Tuesday, 19, May, 2026
 
 
 
Expand O P Jindal Global University
 
  
  
 
 
 

Re : Jessop & Co. Limited (In ... vs The Official Liquidator
2022 Latest Caselaw 1811 Cal/2

Citation : 2022 Latest Caselaw 1811 Cal/2
Judgement Date : 4 July, 2022

Calcutta High Court
Re : Jessop & Co. Limited (In ... vs The Official Liquidator on 4 July, 2022
                                           1


                           IN THE HIGH COURT AT CALCUTTA
                              ORIGINAL JURISDICTION
                                  ORIGINAL SIDE


BEFORE:
The Hon'ble Mr. Justice Ravi Krishan Kapur

                                    CA/12/2022
                                  In CP/387/2014
                RE : JESSOP & CO. LIMITED (in liquidation) & Ors.
                                        Vs.
                  The Official Liquidator, High Court at Calcutta

For the Secured Creditor       : Mr. Ratnanko Banerji, Senior Advocate
                                 Ms. Pooja Chakraborti, Advocate
                                 Ms. Radhika Misra, Advocate
                                 Mr. Kiran Sharma, Advocate

For the Contributory           : Mr.   Krishna Raj Thaker, Advocate
                                 Mr.   Rupak Ghosh, Advocate
                                 Mr.   Chayan Gupta, Advocate
                                 Mr.   Soumyajyoti Nandy, Advocate
                                 Mr.   Niladri Banerjee, Advocate
                                 Mr.   Ashutosh Singh, Advocate

For the Official Liquidator    : Mr. Subhadip Biswas, Advocate

Heard on                       : 06.05.2022, 10.05.2022, 13.05.2022

Judgment on                    : 04.07.2022

Ravi Krishan Kapur, J.:

      1.

This application has been filed by a secured creditor (Edelweiss Asset

Reconstruction Company Ltd.) of Jessop & Company Ltd, the company

(in liquidation) seeking transfer of CP No. 387 of 2014 alongwith all

connected applications to the National Company Law Tribunal,

Kolkatta Bench (NCLT). The application has been filed under the 5th

proviso of the newly amended Section 434 (1) (c) of the Companies Act,

2013 (the Act). The section in its new avatar contemplates a party

applying to the Court, to seek transfer of proceedings relating to

winding-up of a company to the NCLT.

2. It is submitted on behalf of the applicant that by a Deed of Assignment

dated 28th March, 2014, the applicant had become a secured creditor of

the company (in liquidation). The current dues of the applicant are

approximately Rs. 424 crores. The order of winding-up was passed on

6th March, 2017. Thereafter, one of the contributories of the company

(in liquidation) had filed an application, inter alia, for framing a scheme

of repayment. By an order dated 18th May, 2017, the contributory was

permitted to take physical possession of the assets of the company (in

liquidation) and the Official Liquidator was directed to be in symbolic

possession. The order also provided that the expenses incurred for

providing security guards in respect of the assets of the company (in

liquidation) shall be borne by the contributory. By an order dated 17th

August, 2017, the contributory was also directed to bring a scheme for

payment of the dues of the creditors of the company (in liquidation).

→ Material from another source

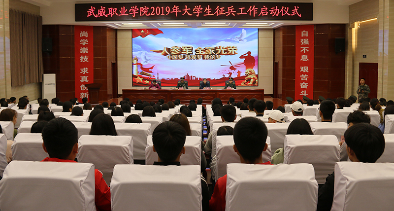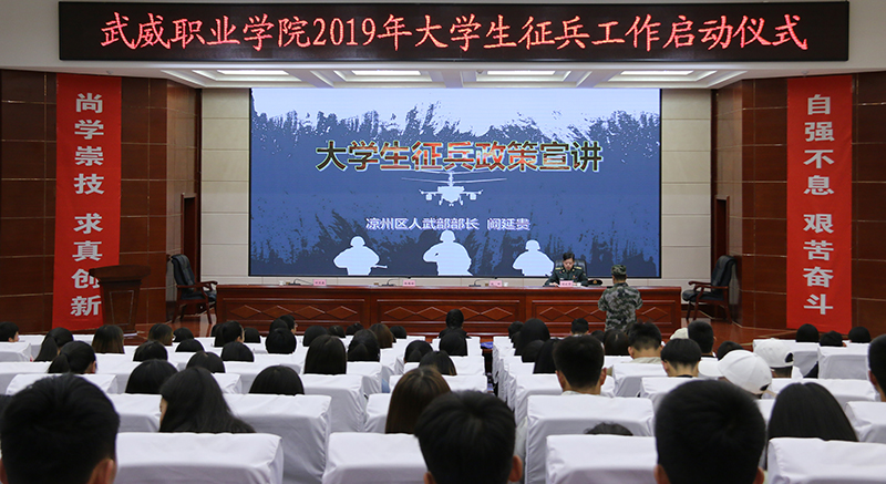 5月9日下午,學(xué)院2019年大學(xué)生征兵工作啟動儀式在大學(xué)生活動中心菁英廳舉行。武威軍分區(qū)司令員、市征兵領(lǐng)導(dǎo)小組副組長張國輝大校,涼州區(qū)人武部部長、涼州區(qū)征兵領(lǐng)導(dǎo)小組副組長兼征兵辦公室主任闞延貴上校,學(xué)院黨委書記、院長趙明,副院長田迎春,武威軍分區(qū)動員處、涼州區(qū)人武部干部,學(xué)院各系黨總支書記、輔導(dǎo)員及學(xué)生代表共計(jì)220余人參加了會議。會議由田迎春主持。

However, admittedly till date, no scheme has been framed.

Significantly, the applicant had also filed an application being CA 172

of 2019 seeking appropriate directions for the Official Liquidator to

handover the possession of the mortgaged properties of the company

(in liquidation) to the applicant.

3. It is contended on behalf of the applicant that, in view of the amended

Section 434 (1) (c) of the Act and the 5th proviso, the applicant is

entitled to apply to this Court for transfer of the winding-up

proceedings to the NCLT. The applicant is a "party" defined under

Section 434 (1) (c) of the Act. It is also contended that a secured

creditor may stand outside the winding-up proceeding and still realise

its security dehors the winding-up proceedings. In this connection,

reliance is placed on M.K. Ranganathan Vs. State of Madras (AIR 1955

Supreme Court 604), Food Controller Vs. Cork (1923 AC 647). Moreover,

the Official Liquidator has also not taken any steps whatsoever to sell

any of the assets of the company (in liquidation) for more than five

years. There has also been no money paid to any of the creditors. In

this connection, reliance is placed on the decisions in Action Ispat &

Power (P) Ltd. Vs. Shyam Metalics & Energy Ltd. (2021) 2 SCC 641, A.

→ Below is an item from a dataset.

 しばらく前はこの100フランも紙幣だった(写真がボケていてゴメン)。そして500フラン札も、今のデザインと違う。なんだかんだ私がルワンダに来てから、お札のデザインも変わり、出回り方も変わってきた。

Navinchandra Steels (P) Ltd. Vs. SREI Equipment Finance Ltd. (2021) 4

SCC 435, Sicom Limited vs. Hanung Toys and Textiles Ltd. (2019) 264

DLT 400 and Alfavision Overseas Ltd. Vs. Kanak Tairdeal (India) Pvt.

Ltd. (2019) SCC Online MP 5012. It is further submitted that there are

no other circumstances which warrant this Court retaining the

winding-up proceedings. On the contrary, it would only enure to the

benefit of all parties involved that the proceedings be transferred to

NCLT and be brought to their logical conclusion.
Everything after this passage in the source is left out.